C’è stato un periodo, a Palermo, in cui il centro storico profumava di anice, carruba e caffè. E quest’anno, che per la città è quello della cultura per eccellenza, voglio raccontare tre storie di famiglie che, ciascuna nel proprio settore, hanno segnato usi e costumi dei palermitani, custodendo e tramandando un sistema di saperi che certamente è entrato a far parte del bagaglio culturale della città. Oggi come allora. Perché tutte e tre le aziende sono rimaste esattamente nello stesso luogo, nel raggio di meno di un chilometro l’una dall’altra, a segnare un antico triangolo produttivo nel cuore della città, dando vita a quella singolare mescolanza di storia e tradizione, imprenditoria e lungimiranza che solo certa tempra di siciliani sa avere.
Nel 1813 la famiglia Tutone aveva una bottega in piazza Rivoluzione, ai tempi denominata piazza della Fieravecchia. Lì si vendevano bicchieri di acqua e anice. Questa mistura, in origine era nata per disinfettare l’acqua grazie alle proprietà medicali dell’anice che veniva custodito in una ampolla. Ai palermitani piacque il suo sapore rinfrescante e diventò una bevanda.

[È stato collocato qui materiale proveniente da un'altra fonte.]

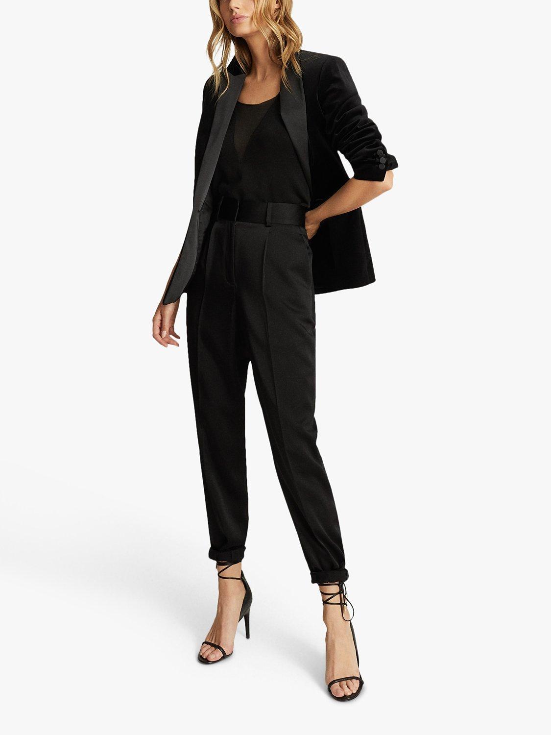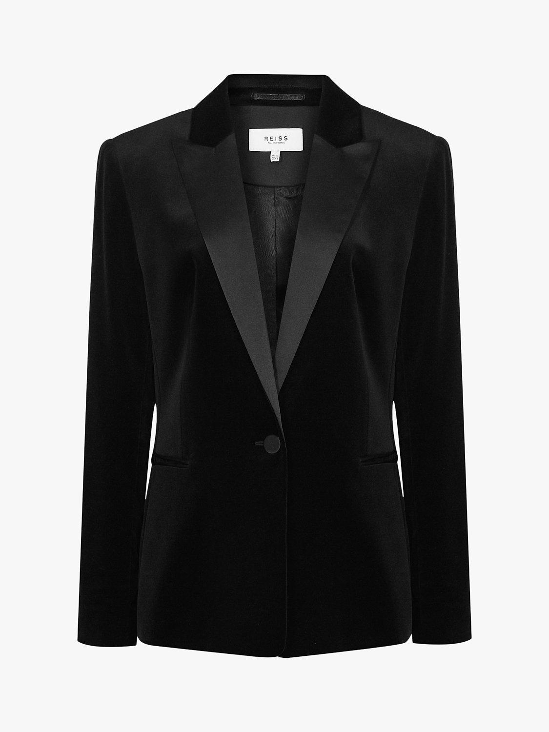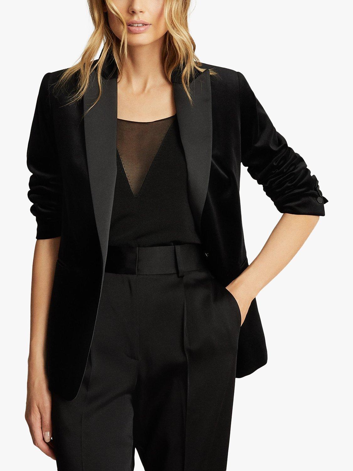 An elegant layering piece for smart events, this blazer by Reiss sits at the hip for versatile coverage.

La prima generazione dell’azienda fa capo a Giuseppe Tutone, chimico e grande conoscitore delle erbe della Via della seta, sebbene la storia dell’acqua e anice abbia avuto inizio con Lorenzo Tutone, di professione acquaiolo, che già nel 1778 aveva una drogheria con un laboratorio nel quale faceva i suoi esperimenti e un chioschetto nella piazza nel quale vendeva i rinfrescanti bicchieri. Il laboratorio, negli anni, è diventato meta di pellegrinaggio da parte dei nobili palermitani che andavano a dissetarsi all’uscita dal vicino Teatro Santa Cecilia.

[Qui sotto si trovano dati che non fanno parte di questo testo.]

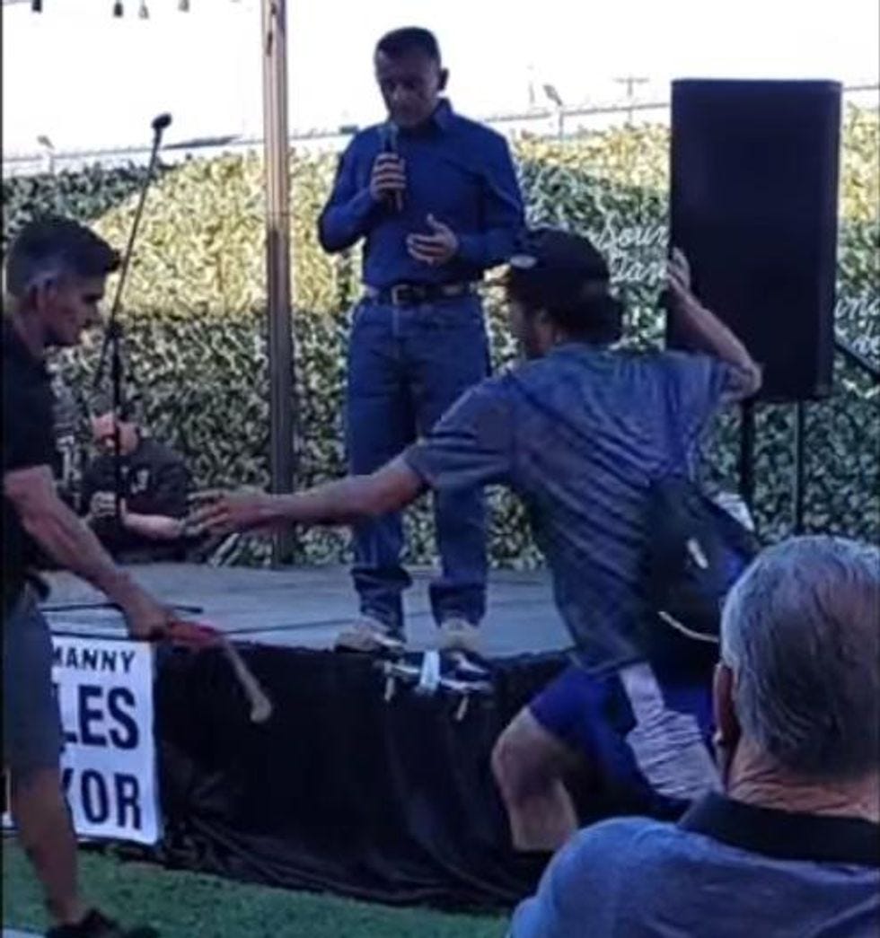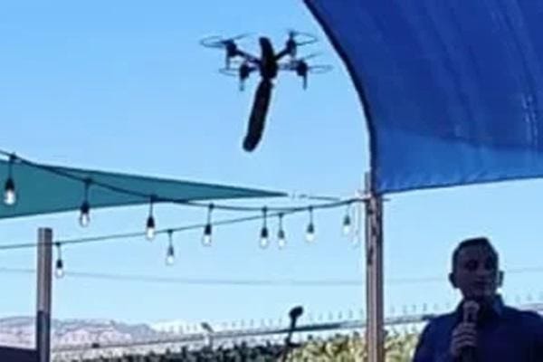 That story, being, of course, the attack of the DONGCOPTER at a rally for Albuquerque mayoral candidate Manuel "Manny" Gonzales III, who currently serves as Bernalillo County Sheriff. As the Albuquerque Journal notes, the rally had started out well enough, with one of the biggest crowds Gonzales has had yet in his campaign to oust "fellow Democrat and incumbent Mayor Tim Keller." (The mayor's race is officially nonpartisan, so party affiliation won't be listed on the ballot. They are indeed Dems, although Gonzales is apparently some kind of law-n-order Trumper. Damned if any of it makes sense.)

Per le strade di Palermo era frequente sentire la classica abbanniata – il grido dei venditori – “H2OZ10”, ovvero “acqua e anice, 10 lire al bicchiere”.
In realtà l’anice unico della famiglia Tutone, così chiamato per differenzialo da tentativi di imitazione, contiene altre dieci essenze segrete, così segrete che un solo Tutone per generazione conosce questa ricetta, gelosamente custodita in cassaforte.

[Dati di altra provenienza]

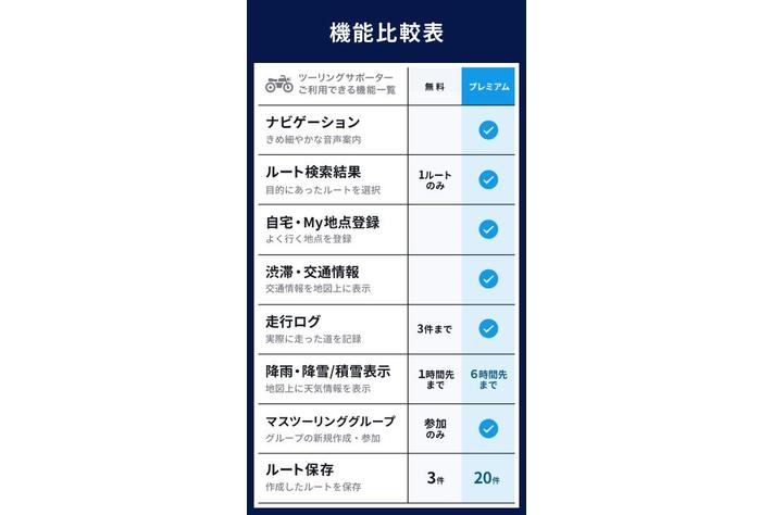 「ツーリングサポーター」のプレミアムコースでは、排気量別のルート検索や、景色の良い道を優先したナビゲーション、ライダー同士で位置場所を共有できるマスツーリング機能、無制限の走行ログ保存機能なども使えます。音声ナビゲーション機能では、右左折する交差点名称、急カーブ注意喚起、天候案内など、きめ細やかな音声案内で、ツーリングを便利にサポートします。

La mossa vincente di questa famiglia è stata quella di trasformare in bevanda una miscela di acqua e anice che era nata, in prima battuta, per tutt’altro scopo e che, nel giro di pochi anni, è diventata tipica di Palermo. Non a caso il logo dell’azienda raffigura il Genio di Palermo ma non quello di piazza Rivoluzione, come sarebbe facile pensare, bensì quello di Villa Giulia perché questa statua è l’unica che raffigura tutti gli elementi che rimandano alla città.
Oggi a reggere le sorti dell’azienda, che negli anni si è spostata di pochi metri, trasferendosi in via Garibaldi, sono Alfredo e Riccardo Tutone, rispettivamente presidente e vice presidente, sesta e settima generazione della famiglia, padre e figlio. Nel tempo l’attività si è ampliata, diventando una spa e trovando spazio anche per altri prodotti come il limoncello o l’amaro, ma l’anice è sempre il fulcro di tutto il lavoro. Tra uffici e produzione, l’azienda impiega una decina di persone e l’anice unico Tutone ancora oggi viene distribuito in tutta Italia con circa centomila bottiglie vendute ogni anno.
In occasione dei 200 anni dalla nascita dell’azienda, è stata creata una bottiglia celebrativa – ne esistono solo mille esemplari – che riprende una vecchia pubblicità degli anni 60 che portava in etichetta la scritta zammù – come i palermitani chiamano l’anice – e recitava così: “d’inverno riscalda, d’estate disseta”.
Nel tempo l’anice è stato (ed è ancora) un ottimo correttivo per il caffè, aroma per biscotti, può essere miscelato nel tè o utilizzato per correggere l’acidità dei cocktail, qualche chef lo usa in piatti a base di pesce e i pasticceri nelle torte alla frutta. Ma se nella calura dell’estate siciliana volete rinfrescarvi, basta versarne poche gocce in un bicchiere d’acqua, proprio come duecentocinque anni fa.